On the day of Sheikh Hasina's resignation, protesters vandalized statues of her father Sheikh Mujibur Rahman, the former president of Bangladesh, in Dhaka. They also set the Awami League's headquarters in Dhaka ablaze. The vandalizing of Sheikh Mujibur Rahman's statues has been compared with that of Saddam Hussain's statue in Baghdad on 2003. Houses or businesses of several Awami League leaders and activists were attacked. (Note: including Former President of Bangladesh Mohammad Abdul Hamid, Asaduzzaman Khan, Rezaul Haque Chowdhury, Mashrafe Mortaza, Zunaid Ahmed Palak, MP Shafiqul Islam Shimul, Sadhan Chandra Majumder and MP in Naogon, Ajmeri Osman, A. K. M. Bahauddin, Anisul Huq, Shahin Chakladar Nazmul Hassan, an Upazila chairman in Jhenaidah, four Jubo League activists in Chuadanga, Selim Khan Serniabat Sadiq Abdullah Shajahan Khan and AFM Bahauddin Nasim, Sheikh Rehana and Mustafa Kamal, Shirin Sharmin Chaudhury, two former MPs in Magura, Amir Hossain Amu) The Indira Gandhi Cultural Centre, operated by the Indian Council for Cultural Relations, and Sheikh Mujibur Rahman's residence in Dhanmondi, where he and his family were assassinated by military personnel in 1975, known as Bangabandhu Memorial Museum, were burnt and ransacked by the demonstrators. Two pro-government television stations were also forced off-air after being torched by demonstrators, including ATN Bangla. The Jatiya Sangsad Bhaban, which houses the Parliament of Bangladesh, was also stormed by protesters, who took 40 weapons from the building's security. These were later returned by students. The house of the Chief Justice of Bangladesh was vandalized by rioters who climbed the walls. Sheikh Rehana's residence in Gulshan, Dhaka, was also looted. The Mujibnagar Memorial Complex in Meherpur was also vandalized, resulting in damage to 600 sculptures. Incidents of vandalism were also recorded at the Bangladesh Shishu Academy, 22 branches of the Bangladesh Shilpakala Academy, and the Shasi Lodge and the Zainul Park in Mymensingh. The 19th-century Bir Chandra Public Library in Comilla was also looted and burned, leading to the loss of several rare books.

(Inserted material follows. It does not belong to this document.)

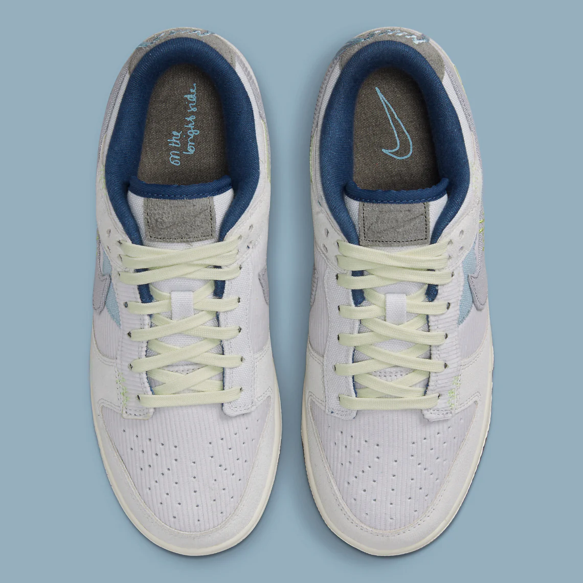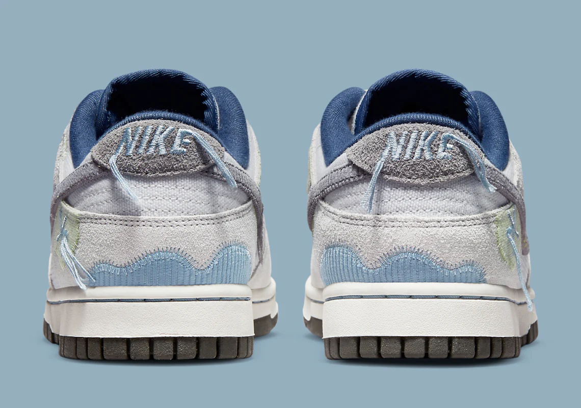 Une semelle extérieure noire mouchetée suggère que la dernière Nike Dunk suit les efforts de la marque en matière de développement durable, ce que le mélange « aléatoire » de velours côtelé, de daim, de nylon et de toile sur la tige vient renforcer. Des détails effilochés apparaissent au niveau du milieu du pied, du talon et de la colonne vertébrale, accompagnant des patchs brodés semblables à des fleurs qui crient « printemps ». Le message « du bon côté » peut donc faire référence à la construction des baskets, qui ont été transformées en une option de chaussure portable et attrayante. Une autre possibilité est que la déclaration de quatre lettres a été formulée pour la Saint-Valentin, rappelant aux porteurs qu’il y a toujours un « bon côté » à un chagrin d’amour. Quelle que soit l’inspiration derrière ces chaussures, le mélange de gris et de bleu marine qui recouvre une grande partie de la dernière version du modèle de Peter Moore, vieux de 37 ans, ne manquera pas d’alimenter le « moment » du modèle.

At least 232 people were reported to have been killed in the three days that followed Hasina's resignation. This included at least 29 officials of the Awami League and associated groups as well as their relatives. An Awami League office in Chittagong was also set ablaze by miscreants. Two vehicles of the BGB were set ablaze by the rioters and five were killed in clashes between BGB and demonstrators. Jails in Satkhira and Sherpur districts were attacked, leading to prisoner escapes. In Satkhira alone, 596 prisoners escaped, although more than 400 of them voluntarily returned within days. An Awami League leader in Satkhira was hacked to death along with four associates after fatally shooting three members of a crowd that attacked his residence. An installation of Bangladesh Ansar and Village Defence Force was also vandalized and partially burnt. Ansar retaliated by killing two demonstrators. In Bogra, a police station was attacked and an Awami League office was set ablaze. A violent mob attacked Baniachang police station in Habiganj and set it ablaze. Police retaliated killing six rioters. A total of 150 people, including police personnel were wounded in the incident.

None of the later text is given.